Here is a link to the notebook.
Let’s get started !
Load useful packages
import tensorflow as tf
from tensorflow.keras.layers import Dense, Flatten, Conv2D, Reshape, MaxPooling2D
from tensorflow.keras import Model
import numpy as np
import matplotlib.pyplot as plt
import pandas as pd
from sklearn.metrics import confusion_matrix
import seaborn as sns
Data preparation and exploration
Load the dataset
# Load
mnist_dataset = tf.keras.datasets.mnist.load_data()
# Unpack
(x_train, y_train), (x_test, y_test) = mnist_dataset
# Train dataset shapes
print('Train X shape ', x_train.shape)
print('Train Y shape ', y_train.shape)
#=> Train X shape (60000, 28, 28)
#=> Train Y shape (60000,)
# Test dataset shapes
print('Test X shape ', x_test.shape)
print('Test Y shape ', y_test.shape)
#=> Test X shape (10000, 28, 28)
#=> Test Y shape (10000,)
Explore images
print("pixel unique values:", len(np.unique(x_train)),
"\nmin value:", np.min(x_train),
"\nmax value:", np.max(x_train))
#=> pixel unique values: 256
#=> min value: 0
#=> max value: 255
Explore labels
print("unique labels:", len(np.unique(y_train)),
"\nmin value:", np.min(y_train),
"\nmax value:", np.max(y_train))
#=> unique labels: 10
#=> min value: 0
#=> max value: 9
Inspect density probability distribution over the training/test sets
see code ref: datasets_distribution
, print_dataset_distributions
We plot an histogram of the label distributions to see how balanced are the labels among samples, and among the training and test set.

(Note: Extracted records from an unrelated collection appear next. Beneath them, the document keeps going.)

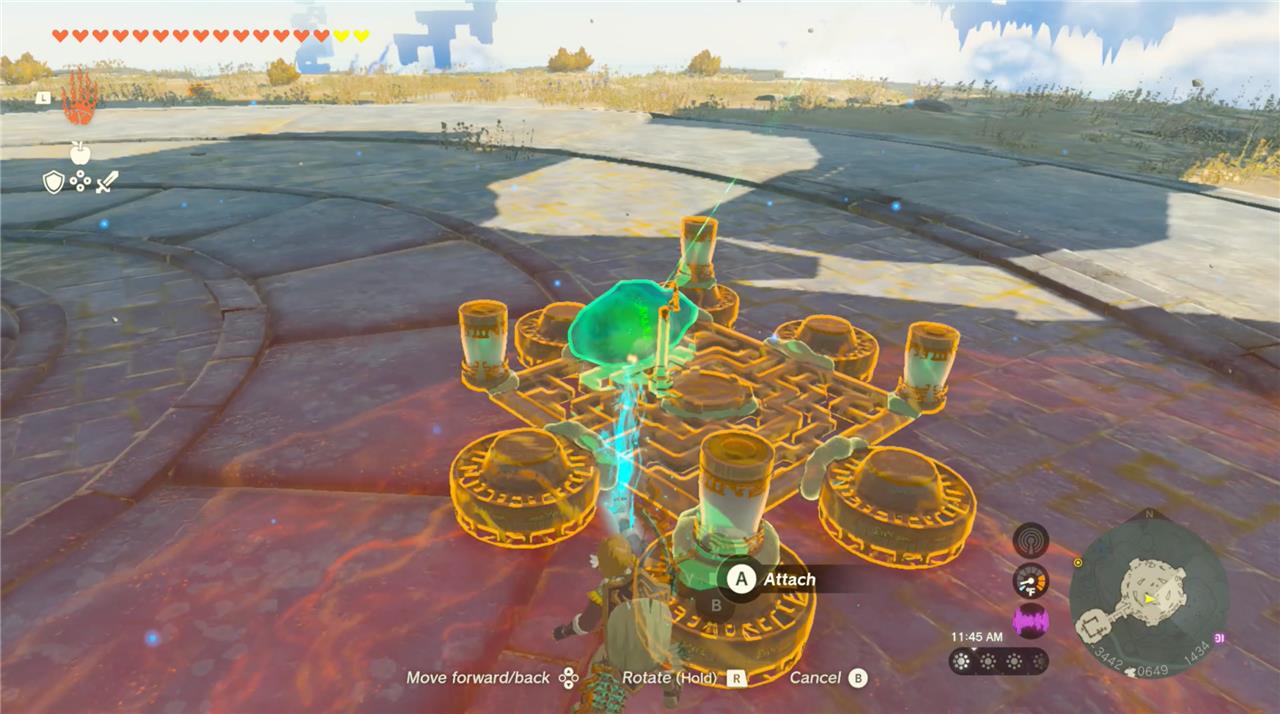 12. Afterwards go grab the glowing green-blue rock needed to complete the shrine and fuse it to your hovercraft with Ultrahand. You can view the full build in action below.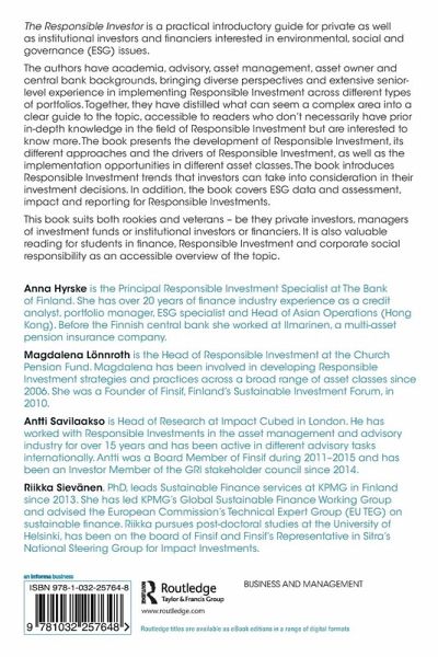 "The explosion of interest in Responsible Investment has resulted in numerous questions around how best to define it, which data sources to utilise or how to report on its effectiveness. This book should become the starting point for those questions and many more. Anna Hyrske, Magdalena Lönnroth, Antti Savilaakso and Riikka Sievänen have written on the topic in a thoughtful way that will be required reading for anyone interested in understanding how to develop and implement an ESG strategy in today's market environment. I highly recommend this book for laymen and practitioners alike!"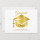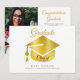 Con una gorra de graduación dorada y elegante, esta tarjeta de anuncio de graduación moderna se puede personalizar con los detalles de su celebración y una foto especial en el reverso. Diseñada por Thisisnotme©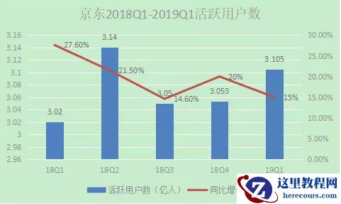 无独有偶,京东也存在同样问题。此前京东集团发布的2019年第一季度财报显示,截至2019年3月31日,京东过去12个月的活跃用户数为3.105亿,虽同比增长15%,但较上季度的3.053亿仅上涨了1.7%。

traintest = datasets_distribution(y_train, y_test)
print(traintest)
print_dataset_distributions(traintest)
label | train (%) | test (%) |
---|---|---|
0 | 9.871667 | 9.80 |
1 | 11.236667 | 11.35 |
2 | 9.930000 | 10.32 |
3 | 10.218333 | 10.10 |
4 | 9.736667 | 9.82 |
5 | 9.035000 | 8.92 |
6 | 9.863333 | 9.58 |
7 | 10.441667 | 10.28 |
8 | 9.751667 | 9.74 |
9 | 9.915000 | 10.09 |
We can see that:
- distribution among labels are pretty close
- distribution for the training set and the test set are also very close.
Show me an image
see code ref: show_image
show_image(x_train, 0)
Gather and prepare
see code ref: prepare_mnist_dataset
Here, we prepare the samples by converting them from integers (0-255) to floating-point numbers (0.0-1.0). Then we have to reshape the samples to fit in the convolutional layer. Thus, we add one dimension, because the first convolutional layer expect a 4D tensor ([batch, in_height, in_width, in_channels]).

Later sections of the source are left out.